Located on the east side of the third floor (a section of the museum I’d never visited), the interactivity of the Lincoln Gallery was not the result of added interactive features, but simply the nature of the art and the space that it inhabited. All of the pieces were either three-dimensional—meaning you could walk around the work and view it from all sides—or if hanging on the wall, was two-dimensional and could be viewed from a seating area. The gallery itself was large and airy, allowing people to spread out and move at their own pace. The artwork was not arranged in any particular order. All of these characteristics encouraged the viewer to experience the gallery and each work in their own way. While not what I was initially expecting, I realized that this was a form of interaction; encouraging personalization and the creation of individual meaning. I think that is what interactivity is all about: allowing the viewer to customize their experience. Choice affords a degree of control and depth not attainable in a static presentation.
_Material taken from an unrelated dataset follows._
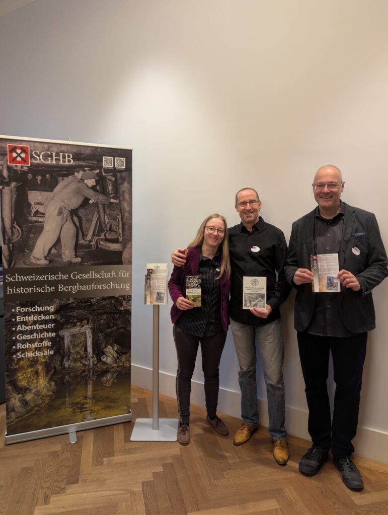 Auch wir als SGHB durften uns zur Schau stellen mittels unserem neuen Roll-Up (von Roger entworfen und gedruckt) und unseren Flyern (ebenfalls von Roger entworfen und gedruckt). Ein voriges Minaria Helvetica sowie Rogers Buch „Bergwerke“ durften ebenfalls ausgestellt werden.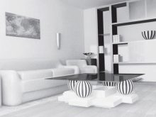 - Сдържани цветове. Дизайнът е доминиран от строга студена палитра: нюанси на черно, бяло, сиво и сребрист металик. Ярките детайли и всякакви орнаменти ще бъдат неподходящи тук. Могат да се използват малки количества едноцветни акценти. Интериорът често включва черно-бели фотографии и щампи, картини и скулптури в духа на авангарда..

An additional layer of interactivity was facilitated by the furniture in the gallery. Curved modern couches filled the main space, inviting an alternate viewing experience or the option to comfortably converse. The entire length of the gallery was visible, giving a different perspective on the works within it. Small colorful stools and minimal leather benches placed at random throughout the space changed the height at which pieces could be viewed and provided an opportunity to linger. Despite a lack of familiar interactive elements—such as multimedia—interactivity was present in the overall concept and design of the gallery. The ability to take in the artwork from different angles, heights, and vantage points promoted a sense of engagement not found in many other parts of the Portrait Gallery.